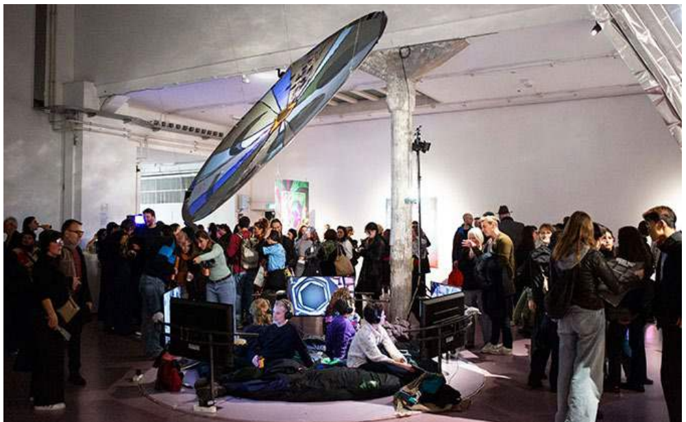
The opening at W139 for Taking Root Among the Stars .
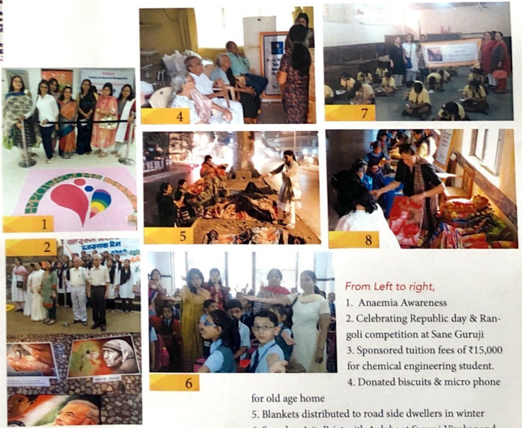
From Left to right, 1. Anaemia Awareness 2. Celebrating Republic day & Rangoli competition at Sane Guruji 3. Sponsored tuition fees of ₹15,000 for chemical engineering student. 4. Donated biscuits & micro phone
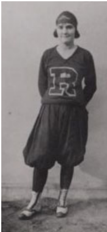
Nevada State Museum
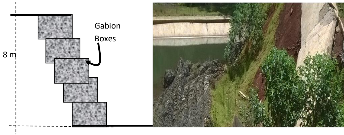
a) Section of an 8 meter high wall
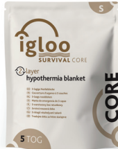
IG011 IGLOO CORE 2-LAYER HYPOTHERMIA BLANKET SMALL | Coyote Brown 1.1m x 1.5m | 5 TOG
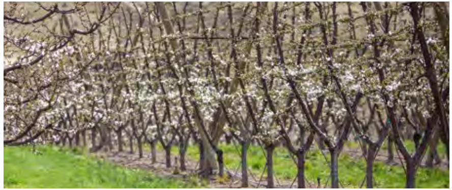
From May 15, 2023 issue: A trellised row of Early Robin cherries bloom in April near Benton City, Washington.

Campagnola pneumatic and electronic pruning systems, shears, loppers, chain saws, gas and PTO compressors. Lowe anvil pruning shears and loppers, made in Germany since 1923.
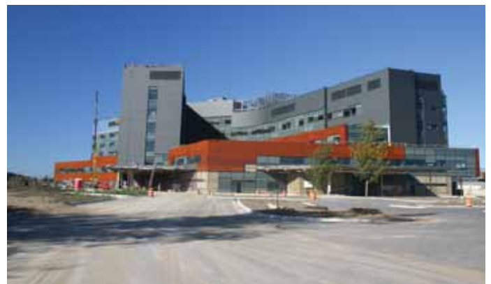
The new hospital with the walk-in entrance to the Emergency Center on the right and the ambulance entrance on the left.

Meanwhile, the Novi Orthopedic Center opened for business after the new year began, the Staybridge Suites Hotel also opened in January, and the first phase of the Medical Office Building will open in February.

━━━━━━━━━━

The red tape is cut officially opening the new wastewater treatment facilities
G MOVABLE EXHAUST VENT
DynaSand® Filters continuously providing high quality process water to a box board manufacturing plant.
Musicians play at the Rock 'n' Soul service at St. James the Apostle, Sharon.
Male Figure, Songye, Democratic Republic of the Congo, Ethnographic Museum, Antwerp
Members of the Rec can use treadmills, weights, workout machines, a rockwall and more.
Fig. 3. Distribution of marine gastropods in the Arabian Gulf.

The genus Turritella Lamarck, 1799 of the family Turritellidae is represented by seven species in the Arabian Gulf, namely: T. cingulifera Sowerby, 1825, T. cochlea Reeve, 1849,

━━━━━━━━━━

Only the lines above starting at the line that holds "Musicians play at" and ending at the line that holds "The genus Turritella" are to be repeated, exactly and in full.

Output |
Musicians play at the Rock 'n' Soul service at St. James the Apostle, Sharon.
Male Figure, Songye, Democratic Republic of the Congo, Ethnographic Museum, Antwerp
Members of the Rec can use treadmills, weights, workout machines, a rockwall and more.
Fig. 3. Distribution of marine gastropods in the Arabian Gulf.

The genus Turritella Lamarck, 1799 of the family Turritellidae is represented by seven species in the Arabian Gulf, namely: T. cingulifera Sowerby, 1825, T. cochlea Reeve, 1849,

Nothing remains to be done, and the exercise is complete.